Please copy the lines below, exactly as they are, from the one with "GmbH (Händlergarantien) |" through the one with "5 мая 2017 г.", and leave out the pictures.

## Task input:
--------------------------------

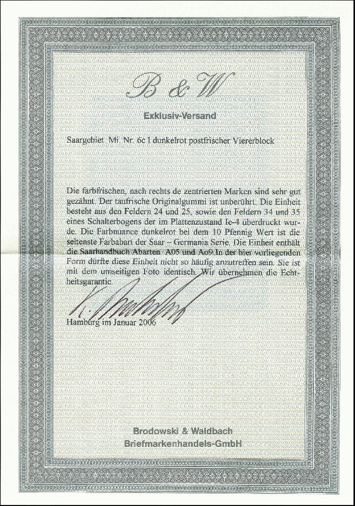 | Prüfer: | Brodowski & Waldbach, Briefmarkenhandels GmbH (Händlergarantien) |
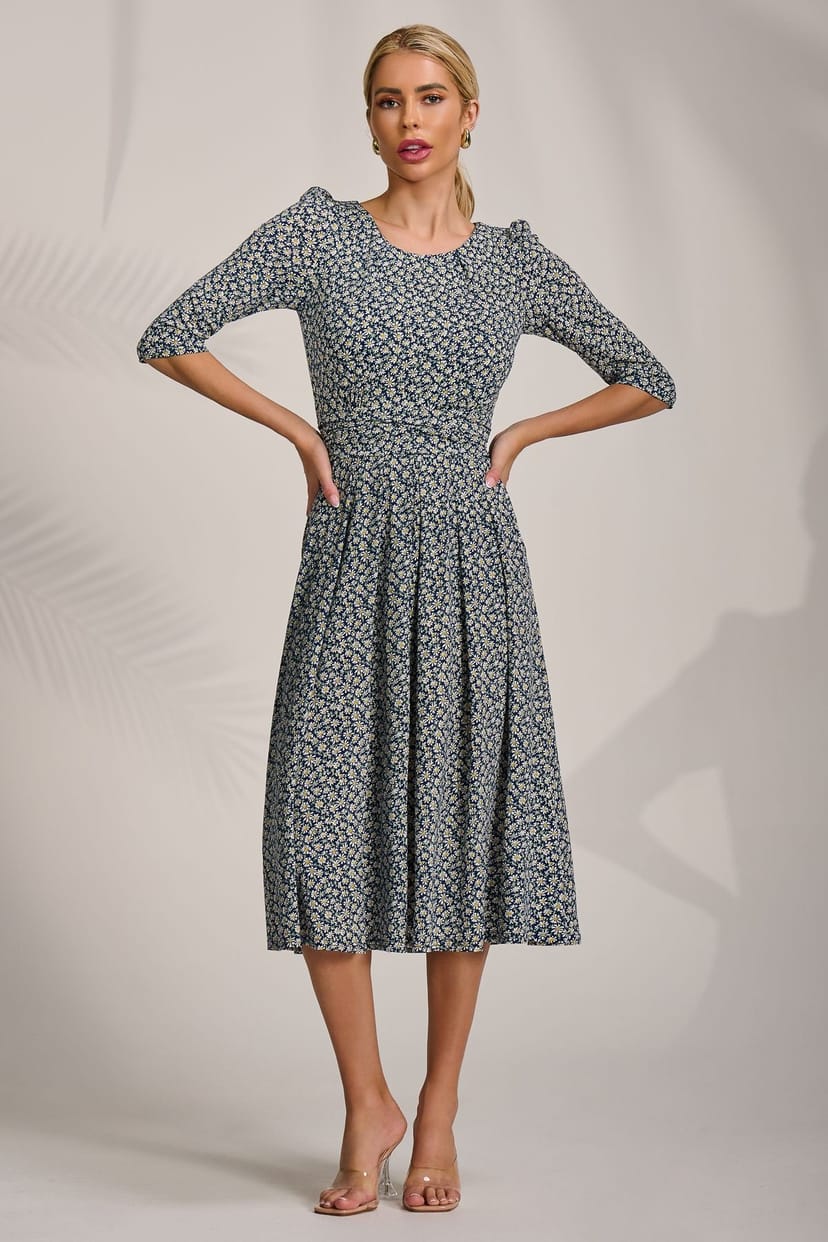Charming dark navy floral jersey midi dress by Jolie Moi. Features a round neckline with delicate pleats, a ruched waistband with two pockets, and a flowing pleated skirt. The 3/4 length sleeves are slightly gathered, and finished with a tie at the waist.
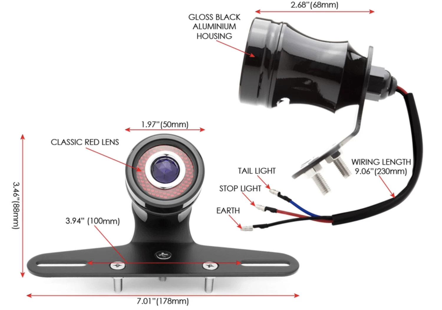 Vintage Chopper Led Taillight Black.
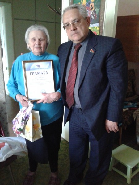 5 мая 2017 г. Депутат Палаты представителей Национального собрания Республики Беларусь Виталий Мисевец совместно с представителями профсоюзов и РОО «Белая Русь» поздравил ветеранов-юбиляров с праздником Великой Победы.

--------------------------------

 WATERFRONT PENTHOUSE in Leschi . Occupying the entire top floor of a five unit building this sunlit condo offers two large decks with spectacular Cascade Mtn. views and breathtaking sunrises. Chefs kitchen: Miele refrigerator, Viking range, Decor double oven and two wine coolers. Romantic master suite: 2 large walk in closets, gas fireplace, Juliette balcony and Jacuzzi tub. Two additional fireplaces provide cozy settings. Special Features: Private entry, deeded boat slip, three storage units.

--------------------------------

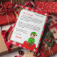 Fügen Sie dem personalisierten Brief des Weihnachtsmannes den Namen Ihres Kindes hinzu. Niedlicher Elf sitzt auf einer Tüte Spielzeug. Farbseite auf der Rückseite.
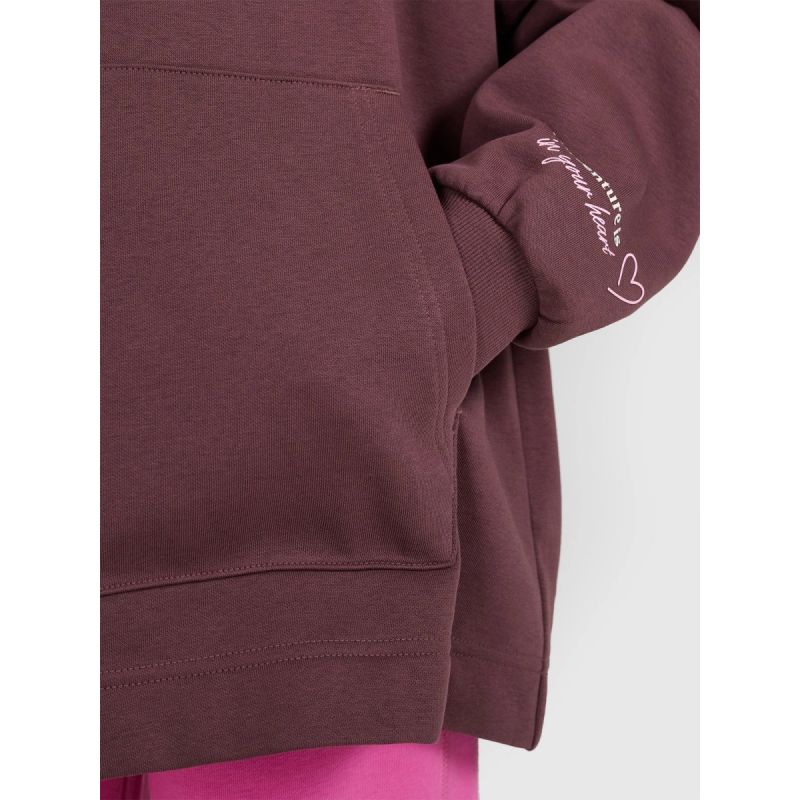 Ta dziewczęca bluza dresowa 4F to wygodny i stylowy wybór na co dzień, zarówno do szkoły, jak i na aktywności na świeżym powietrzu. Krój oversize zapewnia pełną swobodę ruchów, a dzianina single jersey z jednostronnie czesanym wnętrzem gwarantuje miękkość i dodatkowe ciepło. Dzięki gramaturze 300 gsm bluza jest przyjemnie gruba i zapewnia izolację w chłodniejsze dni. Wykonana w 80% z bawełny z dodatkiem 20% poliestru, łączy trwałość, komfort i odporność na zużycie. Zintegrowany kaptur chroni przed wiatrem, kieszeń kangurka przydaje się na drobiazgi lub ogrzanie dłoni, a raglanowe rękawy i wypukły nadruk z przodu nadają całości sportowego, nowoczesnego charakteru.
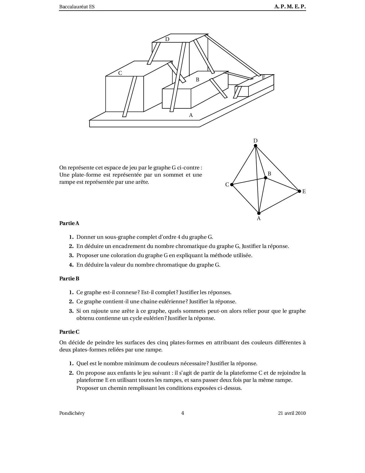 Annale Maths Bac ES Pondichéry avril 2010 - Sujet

--------------------------------

## Task output:
 | Prüfer: | Brodowski & Waldbach, Briefmarkenhandels GmbH (Händlergarantien) |
Charming dark navy floral jersey midi dress by Jolie Moi. Features a round neckline with delicate pleats, a ruched waistband with two pockets, and a flowing pleated skirt. The 3/4 length sleeves are slightly gathered, and finished with a tie at the waist.
 Vintage Chopper Led Taillight Black.
 5 мая 2017 г. Депутат Палаты представителей Национального собрания Республики Беларусь Виталий Мисевец совместно с представителями профсоюзов и РОО «Белая Русь» поздравил ветеранов-юбиляров с праздником Великой Победы.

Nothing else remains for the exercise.